🤖 AI Summary
To address the excessive computational and memory overhead in large language model (LLM) deployment, this paper proposes a structured post-training pruning method grounded in expander graph theory. It is the first to incorporate the strong connectivity property of expander graphs into N:M sparse pruning design, enabling a theoretically principled weight selection mechanism that preserves critical information-flow paths while ensuring global connectivity and robustness of the pruned network. Compared to conventional structured pruning, our approach significantly improves accuracy retention under high sparsity. Evaluated on Llama-2 and OPT, it achieves an average 2.1× inference speedup and 48% memory reduction, outperforming state-of-the-art methods by 1.3–2.7 percentage points in accuracy.

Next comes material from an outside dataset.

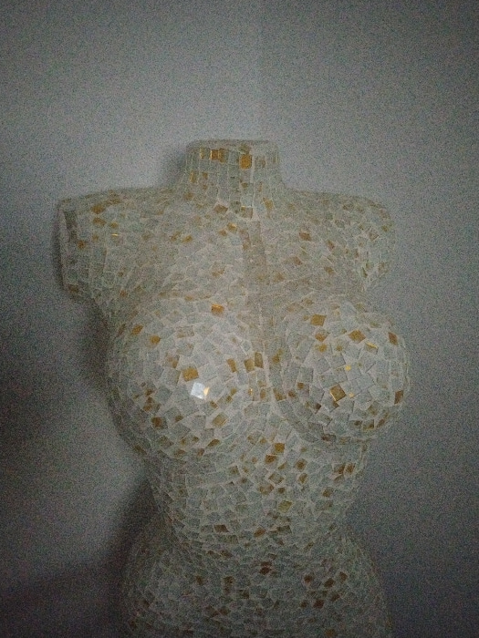 A mosaic torso sculpture rests against a pale wall. The mosaic consists of small, irregular white tiles with subtle gold flecks interspersed throughout. The sculpture is stylized, depicting the upperβ¦read more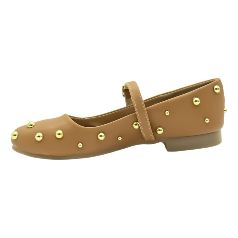 👑 Charlotte – Elegancia con actitud dorada 👑 Balerinas Flats Con Detalles Metalicos

The core contribution lies in establishing a formal theoretical link between expander graph properties and the learnability of sparse structures, thereby introducing a novel paradigm for efficient LLM deployment.
📝 Abstract
As Large Language Models (LLMs) become more widely adopted and scale up in size, the computational and memory challenges involved in deploying these massive foundation models have grown increasingly severe. This underscores the urgent need to develop more efficient model variants. Faced with this challenge, the present work introduces EGGS-PTP: an Expander-Graph Guided Structured Post-training Pruning method. The proposed approach leverages graph theory to guide the design of N:M structured pruning, effectively reducing model size and computational demands. By incorporating concepts from expander graphs, EGGS-PTP ensures information flow within the pruned network, preserving essential model functionality. Extensive numerical experiments demonstrate that EGGS-PTP not only achieves significant acceleration and memory savings due to structured sparsity but also outperforms existing structured pruning techniques in terms of accuracy across various LLMs.